==== COLLECTED MATERIAL

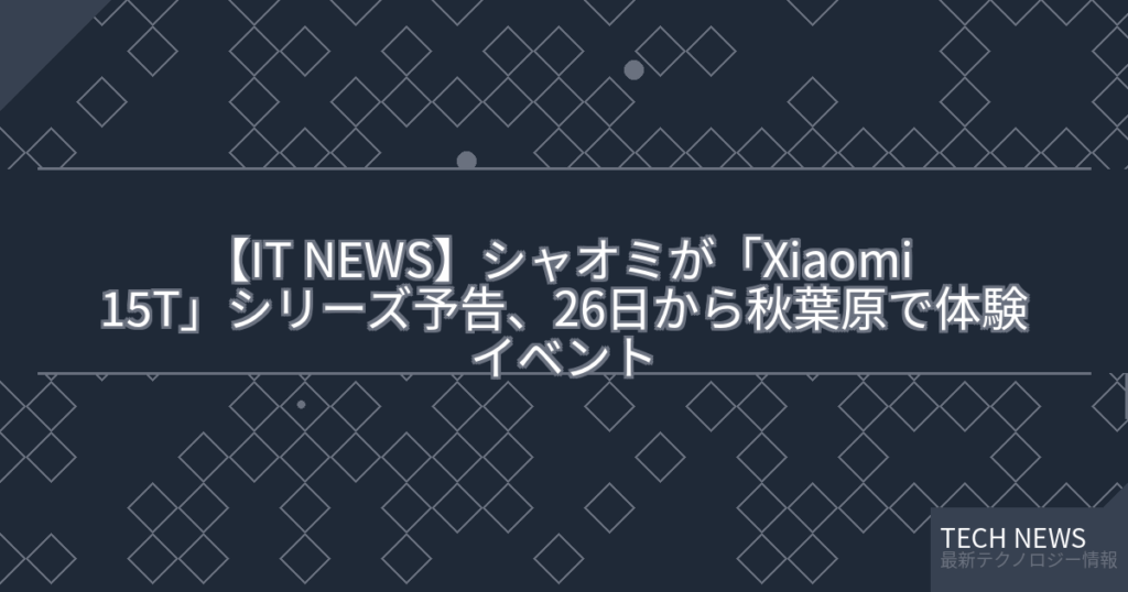 【IT NEWS】シャオミが「Xiaomi 15T」シリーズ予告、26日から秋葉原で体験イベント
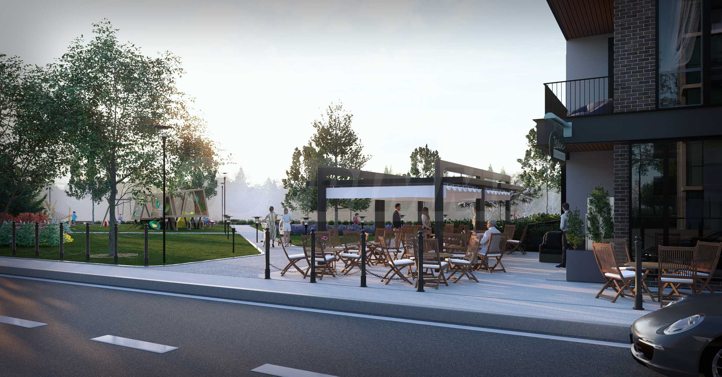 Общие зоны зданий и входные зоны будут отделаны напольными покрытиями и облицовкой из натурального мрамора или гранита. Финишная отделка всех террас будет выполнена гранитной плиткой. Жилой комплекс станет своего рода оазисом в динамичной городской среде Пловдива.
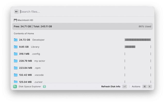 Analyze disk space usage and identify large files and folders in your home directory. This extension helps you quickly find what's taking up space on your Mac.
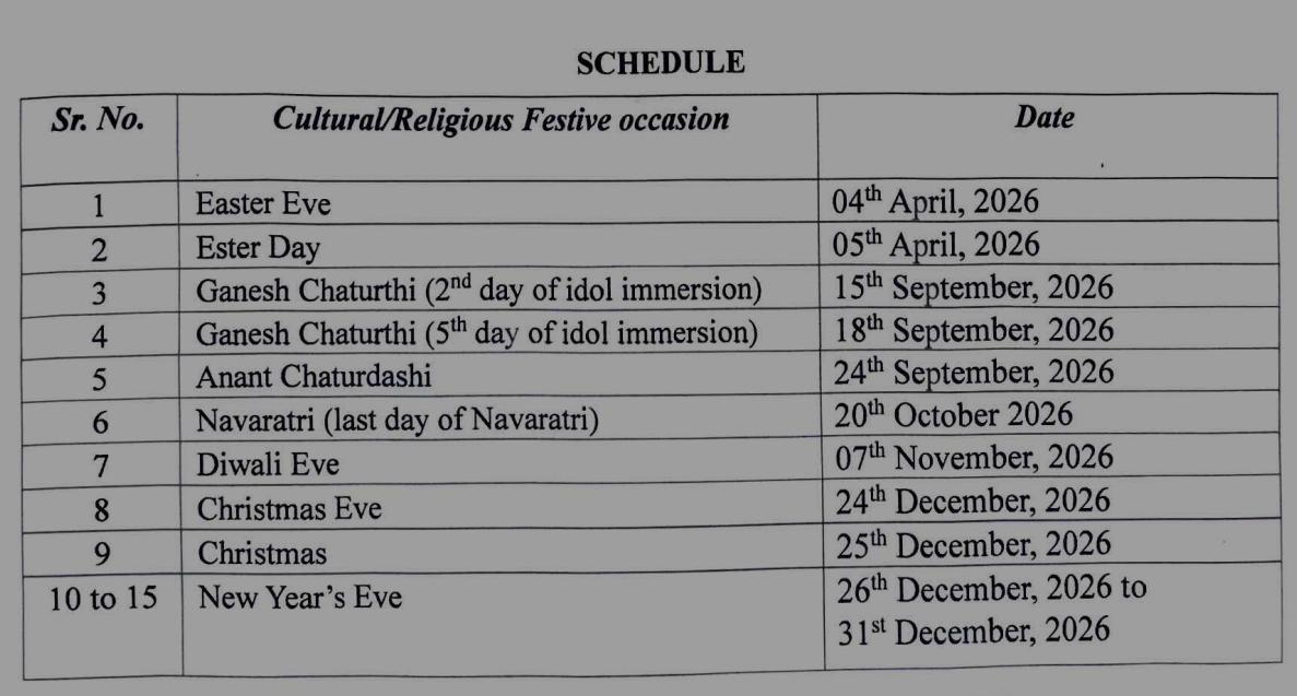 The notified dates include Easter Eve (April 4), Easter Day (April 5), Ganesh Chaturthi immersions on September 15 and 18, Anant Chaturdashi (September 24), Navaratri last day (October 20), Diwali Eve (November 7), Christmas Eve (December 24), Christmas Day (December 25) and New Year celebrations from December 26 to 31.

========

WHAT THE TASK REQUIRES. Word for word, restate the lines from the one containing "Analyze disk space" through the end of the listing, and nothing more. Skip the pictures.

ANSWER TO THE EXERCISE.
 Analyze disk space usage and identify large files and folders in your home directory. This extension helps you quickly find what's taking up space on your Mac.
 The notified dates include Easter Eve (April 4), Easter Day (April 5), Ganesh Chaturthi immersions on September 15 and 18, Anant Chaturdashi (September 24), Navaratri last day (October 20), Diwali Eve (November 7), Christmas Eve (December 24), Christmas Day (December 25) and New Year celebrations from December 26 to 31.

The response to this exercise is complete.